As I see it, there have been three basic problems with philanthropy’s attempts to address the issue of persistent poverty in this country:

1. Strategy  The untidy truth about liberal advocacy is that the basic condition of the poor will never, ever change until (1) we get big money out of politics, and (2) the poor vote in far greater numbers.  Local, state, and national advocates might win a skirmish here and there, but without these two changes, the battle is essentially lost.  Many policymakers are convinced, as one of my city council members once said, that “No one was ever elected to public office by being an advocate for the poor.”  If this is the case (and if it isn’t, let’s at least debate it), shouldn’t the greatest number of resources be focused on meaningful campaign finance and lobbying reform, and on voter registration?

2. Coordination  Meanwhile, there appears to be little or no coordination of all this progressive advocacy work.  Local advocates rarely speak with or inform the work of national advocates, and vice versa.  There’s a rally here, a report released there, small contributions to a growing sum that doesn’t appear to have a grand total.  This work is important, however incremental the gains might be.  But I know there must be greater minds out there, people better bankrolled, who can and must give direction to progressive philanthropy’s random walk.

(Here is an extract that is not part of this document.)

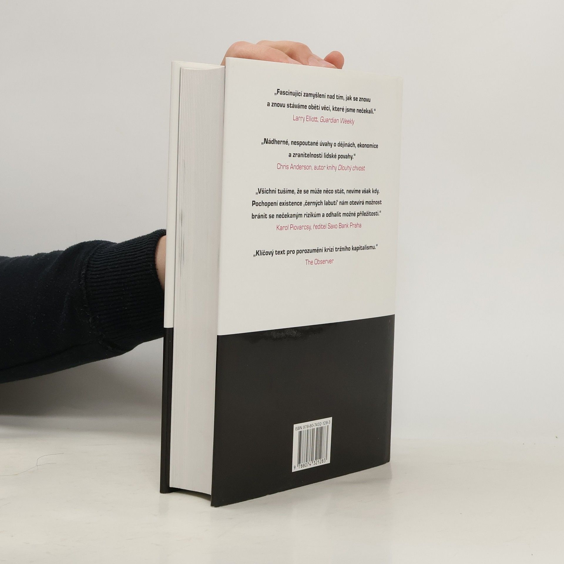 Následky vysoce nepravěpodobných událostí Bestseller amerického akademika a investičního poradce libanonského původu analyzuje fenomén „černých labutí“, tj. nepředvídaných jevů a událostí s významným dopadem na život jedince nebo celé společnosti, jakým byl např. teroristický útok z 11. září 2001, fenomenální úspěch společnosti Google či nedávná globální finanční a ekonomická krize. Autor – jeden z mála odborníků, kteří nástup krize předvídali – věří, že příčinou naší nepřipravenosti na podobné zlomové události je především setrvačnost našeho myšlení v podobě přílišné důvěry ve statistiky a prognostiky, přehnaného kategorizování, hledání „logiky“ vývoje či soustřeďování se na specifika tam, kde bychom měli přemýšlet spíše v obecných kontextech. Jeho kniha, vyzývající k tomu, abychom přehodnotili náš ustálený pohled na svět a přiznali si, jak málo o něm víme, patří dnes k nejdiskutovanějším pracím ve svém žánru, deníkem Times byla označena za jedno z nejvlivnějších děl posledních šedesáti let a díky autorovu širokému rozhledu, smyslu pro humor a zdravé provokativnosti je i velkým čtenářským zážitkem.

3. Scale  My own foundation’s means are very limited, and our influence on the sector is even smaller.  We support those local advocacy groups that do little more than slow the continuing downward slide of the poor.  But there are tens of thousands of foundations in this country, many of them sharing progressive goals but choosing nevertheless to work in isolation from one another.  I understand the reasons for this, but it still strikes me as a inglorious fact about our sector that we can’t more frequently and more effectively pool our resources to make a real difference in the lives of the poor.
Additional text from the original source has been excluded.